As for lenses, something like a 100-400mm lens is ideal on a crop-sensor camera, 100-300mm on a Micro 4/3 and 150/200-500/600mm ideal on Full-Frame cameras. Obviously, it depends how close you can get to your subject and how much of the frame you want to fill to determine which lens will suit you best.

Other tips

Airshows have a lot going for them apart from the air-show itself! There are normally flightline walks where you can get close-up to the aircraft and at Farnborough especially there are lots of static displays where you can get a close-up view of the technology. Re-enactors often make an appearance as well as music acts etc – all great subject for your camera!

Summary of tips for fantastic photos at Airshows

  1. Exposure: add 2/3 exposure compensation then review images
  2. White balance: fix to sunny or cloudy setting not Auto
  3. Focus: Continuous AF with a spread of points
  4. Drive: high speed continuous – use a battery grip too.
  5. Shutter speed: 1/500 or slower for propeller 1/1000 or faster for jets
  6. Composition: don’t have to fill the frame – use clouds!
  7. Shooting position: end third of the runway
  8. Recommended gear: high frame rate fast focussing camera

Steve Marley
Park Cameras

If you’re interested to learn more about Aviation Photography, why not consider attending our ½ day workshop at our store in Central London? We hold these events regularly and are a great way to learn some new tips prior to visiting an Airshow or Air Display. Learn more at www.parkcameras.com.

In 2018, you’ll find Park Cameras at the Farnborough Airshow (21st – 22nd July) and Eastbourne International Airshow (16th – 19th August) with a variety of Airshow only special offers! Learn more and find out how you can get your tickets at www.parkcameras.com/events.

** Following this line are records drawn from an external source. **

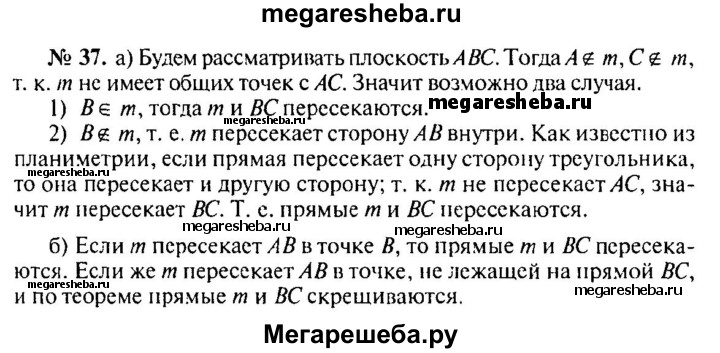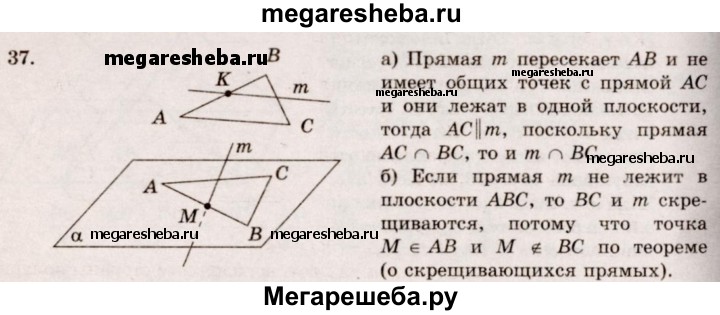 37. Прямая m пересекает сторону АВ треугольника ABC. Каково взаимное расположение прямых m и ВС, если: а) прямая m лежит в плоскости ABC и не имеет общих точек с отрезком АС; б) прямая m не лежит в плоскости ABC?
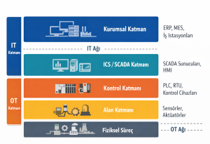 - IT ve OT katmanları mantıksal olarak ayrıştırılır
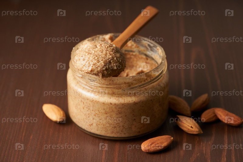 Миндальное масло, сырая пищевая паста, приготовленная из измельченного миндаля в ореховое масло, хрустящая и перемешиваемая, темно-коричневый деревянный стол, пространство для копирования, вид сбоку, крупный план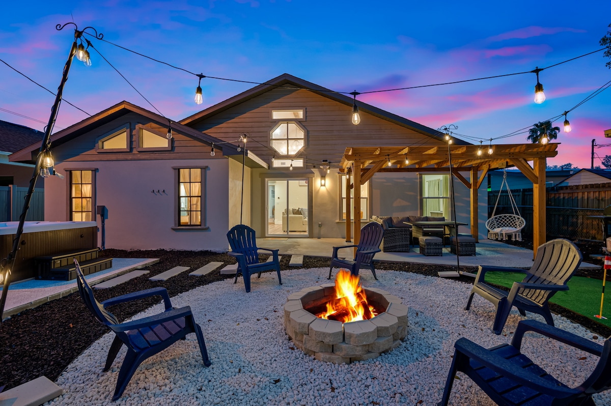 Éalaigh go dtí ár mBaile FAIRSING atá athchóirithe go hálainn, atá suite go lárnach díreach 15 nóiméad ó lár bhaile Saint Pete agus na tránna. Lig do scíth inár bpríomhsheomra leapa a spreag Balinese Mharacó le síleálacha arda agus cócaráil inár gcistin iontach. Bain sult as babhta gailf ar ár gcur glas. Lig do scíth sa TOBÁN TE tar éis lá ag an trá. Neart cluichí spraíúla ar nós Foosball, ceangail 4, foirfe chun bailiú le teaghlaigh agus le cairde. Tar agus fan linn agus taithí a fháil ar an deiridh i do chompord agus só!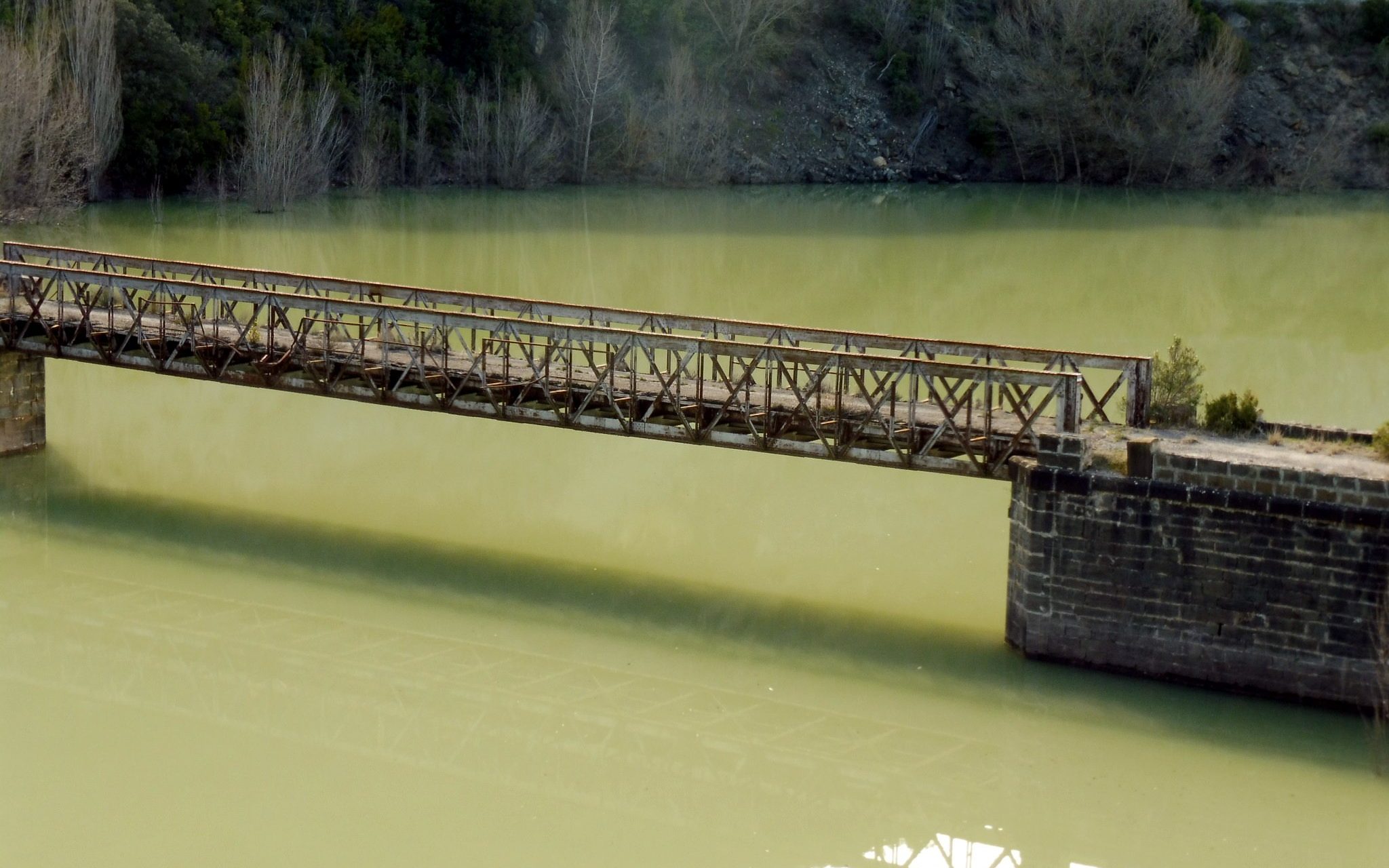 Aigua eutrofitzada en el sector palanca de l'embassament de Camarasa (Lleida). Imatge: Isidre Blanc a Wikipedia Commons.
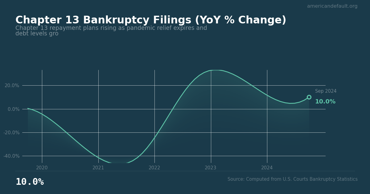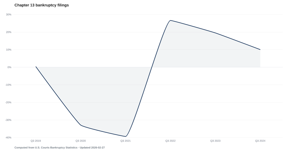 Chapter 13 bankruptcy filings increased 10.0% year-over-year in the latest data. While growing slower than Chapter 7, the increase signals rising need for court-supervised debt restructuring.
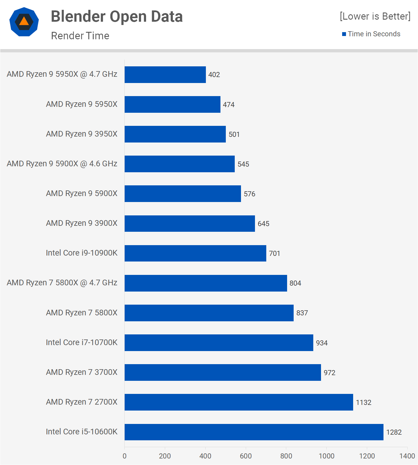 We're looking at a 16% performance uplift over the 3700X in Blender making the 5800X 12% faster than the Core i7-10700K. It was also 16% slower than the 10900K and 31% slower than the 5900X, which makes sense given it packs 33% fewer cores.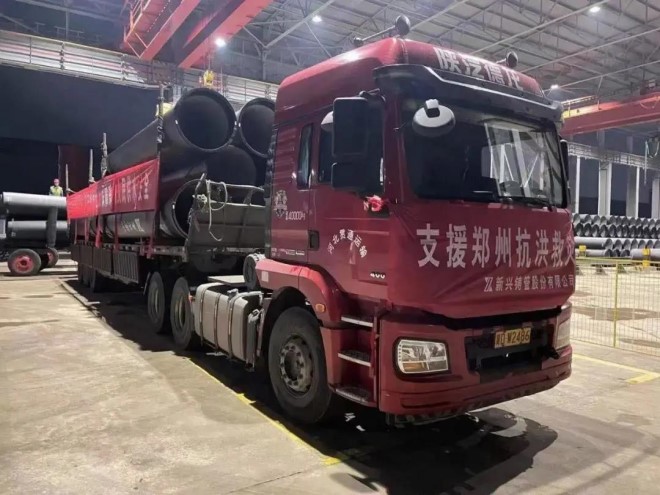此外,7月22日,新興鑄管鄭州銷售分公司接到鄭州自來水控股有限公司急需應急供水管材任務,立刻開展離心球墨鑄鐵管調配工作,聯系就近生產基地連夜發運所需管材。22日晚21點,鑄管管材從河北武安發運。
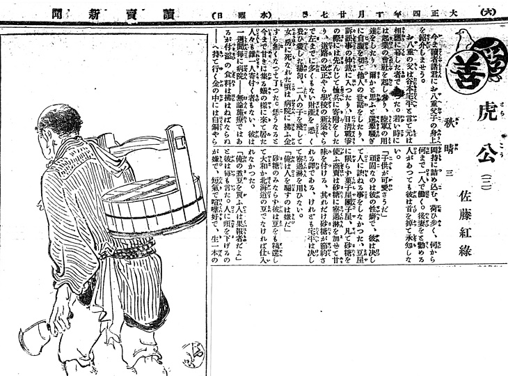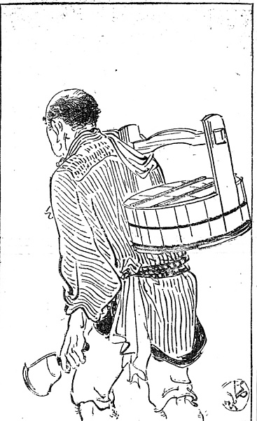 説明 煮豆売りの老人。この時代は振り売りの数も種類も非常に多く、落語の材料にもなっている。振り売りの多かったのは、この話の通り、ちょっとの才覚と辛抱とで、だれにも取っつきやすい、ほとんど元手入らずに近い商売だったためもあるだろう。この煮豆屋のように飯台一つを肩に担ぐのは少なく、たいていは荷物を二つに分けて天秤で吊って呼び歩いた。米や薪炭、野菜といったもの以外の惣菜類は、ほとんどはこの振り売りの商品で間に合った。(大丸 弘)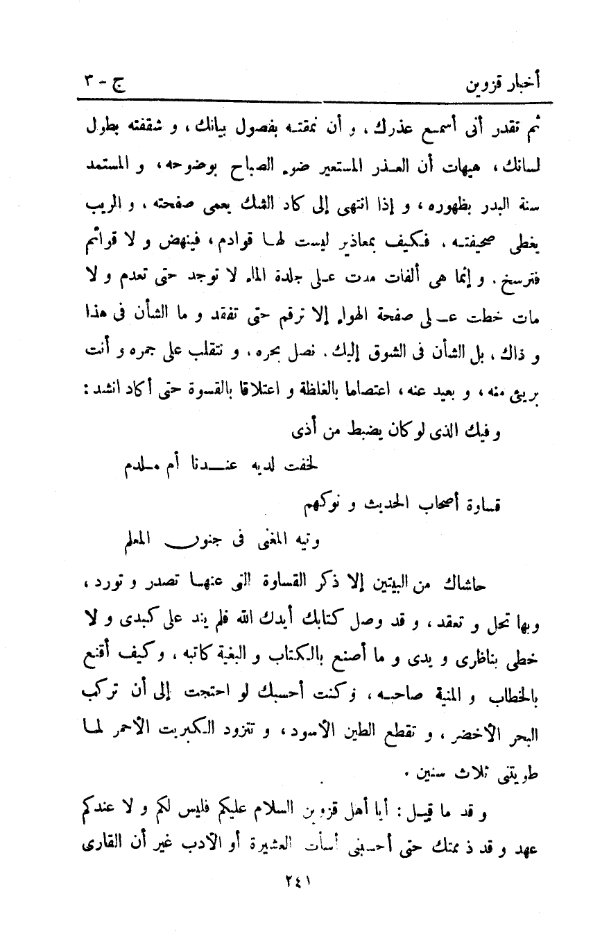 وقد مَا قيل: أيا أهل قزوين السلام عليكم فليس لكم ولا عندكم عهد وقد ذممتك حتى أحسبني أسأت العشيرة أو الأدب غير أن القارئ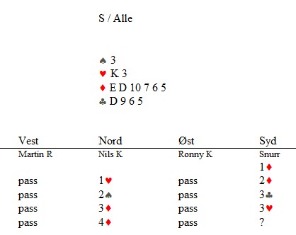 Jeg innser at jeg tok feil i dette spillet. Nils kunne hatt mer hjerter, slik at han trodde hjerter kunne være trumf i det videre meldingsforløpet. Han ville fastlegge ruteren entydig som trumf og se om jeg kunne gå på en gang til over 4ru. Meldte jeg 5ru passet han og cubidda jeg hj/sp, havna vi i 6ru hvis vi hadde ess nok. Hva som er rett over 4ru, er ikke lett. Kløveren er fort nøkkelfargen, fordi den må i spill hvis ikke en kan leve av hjerteren. Dxxx er dårlig, DKnxx hadde vært mye bedre.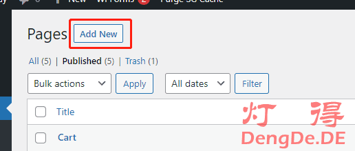 然后,为了方便客户了解我们和联系我们,我们还需要添加“About Us/Contact Us”页面,点击”Add New”即可。如下图所示: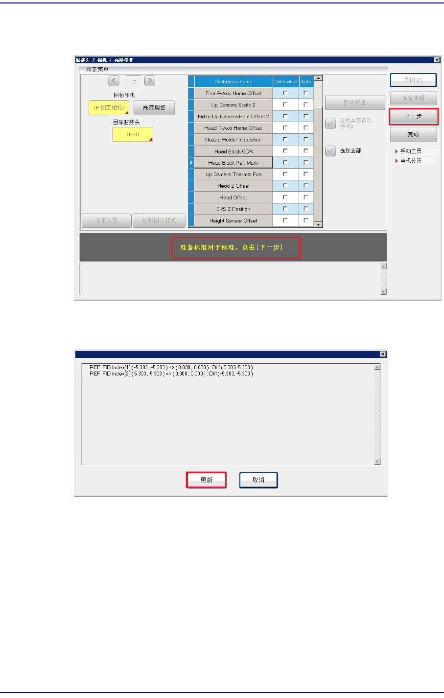 12-92 Cutting-edge Modular Mounter HM Series A dministrator's Guide 12.1.9.9. Head Block Ref.Mark Calibration (HSH, MFH) 该校准作业能够识别基准标记 (Reference Mark) 后准确地测量元件扫描 位置。 备注 可自动对 Head Calibration 的所有项目进 行 Calibration 。 …
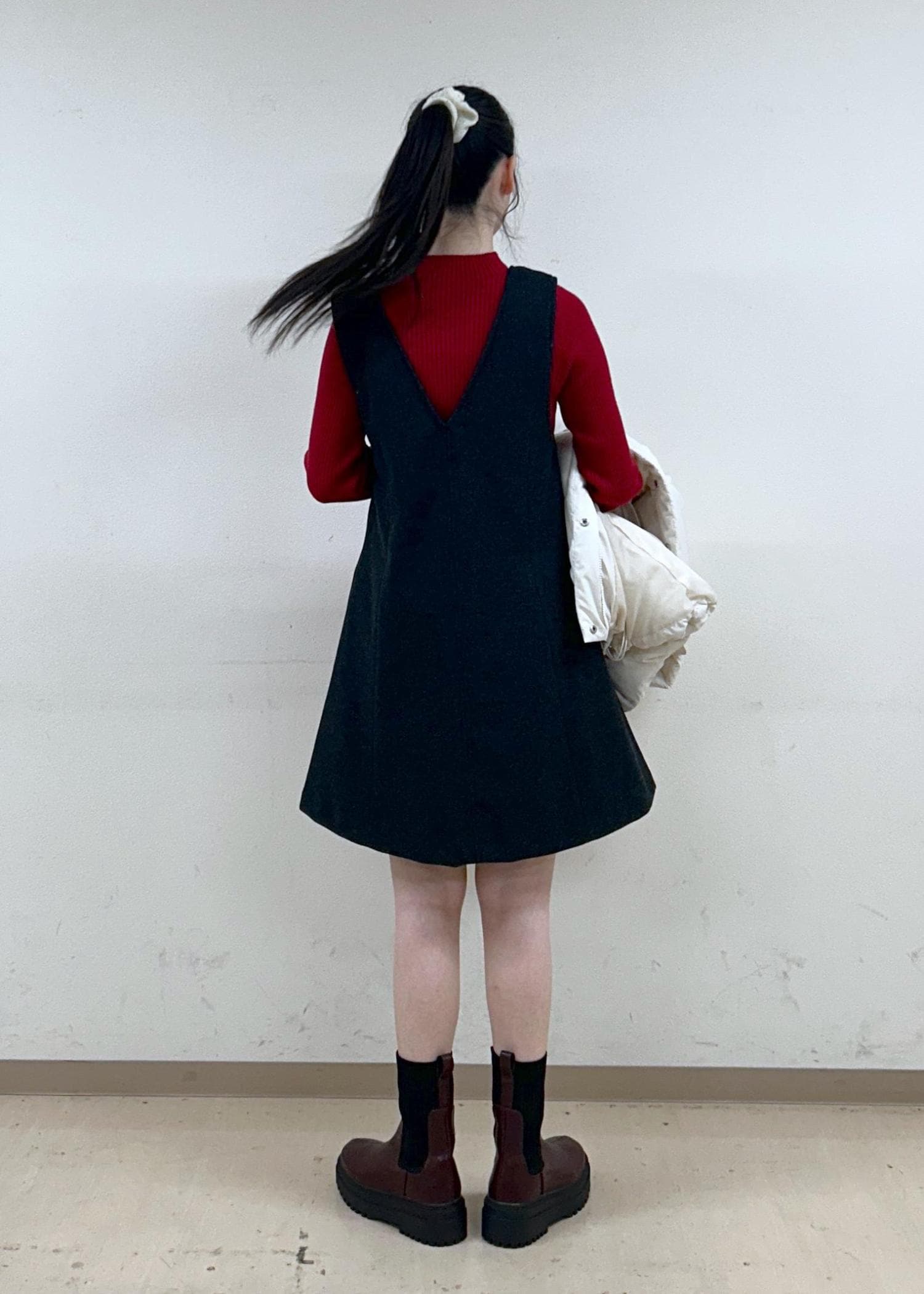 VISシャギーVネックミニ丈ジャンパースカートチャコール / F¥6,327レビューAラインのシルエットで腰周りがカバーできるので大人の方や骨格ウェーブさんには嬉しいポイントです!

If you liked this post, why not check out some of professional photographer Andy Rouse’s favourite Aviation shots from his own impressive collection:

Andy Rouse's top aviation photos (part 1)
Andy Rouse's top aviation photos (part 2)
Want more Tips and Inspiration? See our latest posts HERE!


Roger Andout said...

Thanks, Park, for this.
The suggested lenses for the different sensor types is most helpful as is the 'Quick Summary'

Roger Andout said...

Sorry, I ought to have mentioned Steve Marley, as author.

Ashley Luke Laurence said...

Thanks for your feedback Roger, glad to hear you found them useful, do let us know if you get to try them out!

MalKay said...

Great to get such a concise but very useful article covering the key points. Thank you.

MalKay said...

Great to get such a concise and useful article covering all key points. Thank you.

Unknown said...

I have recently used my Panasonic FZ1000 bridge camera at Shuttleworth and Duxford on lots of propeller aircraft. Zoom is fine (25-400) but focus whilst panning (AFC, burst) has produced a highly erratic and variable hit rate. Any pointers? I am tempted by G9 plus 100-400 lens but this would be a huge investment leap. Justified?

Ashley Luke Laurence said...

Thanks Malkay! Regarding the FZ1000, it's worth checking that you are using the tracking mode in conjunction with AFC. Cameras do have their limits though, so even the best will be a bit hit and miss at times. The G9 with that lens are a totally different proposition from your bridge camera - expect more processing power plus the rest! Whether it's justified depends on your circumstances, but of course we'd say that certainly isn't a bad shout!